Звенит звонок, и искрометные доджемы[19] останавливаются, смех, визг спадают, конец тура. Но чуть только доджем останавливается, он уже опять готов к старту. Пожалуйста, пожалуйста, только не останавливайтесь, пожалуйста!

Иван вышел из игры, свое откайфовал, теперь моя мать захотела подтолкнуть меня и поглядеть, каков будет мой кайф.

Подтолкнуть с полным сосредоточением сил.

Самыми тяжелыми в ту пору были вечера, эти минуты, получасы, а то и часы перед сном. Мать сидела на краю моей кровати и все твердила свое.
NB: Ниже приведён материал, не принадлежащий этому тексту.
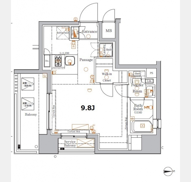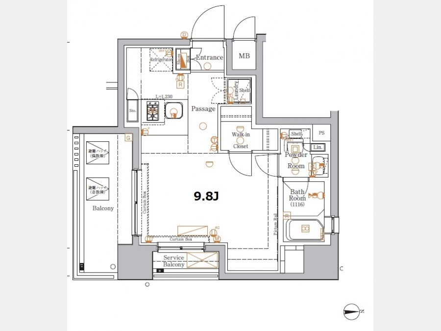 洋室 9.8 畳 |

Как одержимая. Ее монотонный и в то же время страстный шепот, казалось, проникал сквозь стены.

— Только сумасшедший вырывает у себя перья, чтобы построить гнездо, когда можно угнездиться в готовом! — Это было ее любимое изречение, без него не проходило и дня, она повторяла его по всякому случаю так рьяно и истово, как будто сформулировала его впервые, — Ведь к тому времени, когда гнездо будет готово, птица состарится, а старой птице зачем мягкое гнездо? Эх! Послушайся меня! — Схватив меня за плечо, она привлекала меня к себе с неимоверной силой, трясла, дергала, просто невероятно, сколько сил было в этой маленькой пташке, этой маленькой морщинистой птичке — моей матери, чьи зеленые глаза сверкали от страсти. Она привлекала меня к себе, ласкала, а потом чуть ли не отталкивала и сдавленным шепотом продолжала:

— Только надо быть умной. Ничего другого, только быть умной. Посмотри на себя, ты ведь смотрела на себя в зеркало, мать честная, если б я была такой в девушках, ты в дедушку пошла, он был красивый. Тебе не надо будет прятаться, исхитряться, врать, что ты гасишь свет от стыдливости… Будь умна, потому что любовь проходит, эх-хе-хе, проходит за один год, а то и того скорее… Слушайся меня — она провела своей дрожащей рукой по стеганому ватному одеялу, — ведь ты красавица, королева — сущая королева.

Со стоящей у внешней стены тахты доносится вздох:

— О господи!

Мать, если слышит его, вскипает:

— Что ты понимаешь? Что ты встреваешь в разговор!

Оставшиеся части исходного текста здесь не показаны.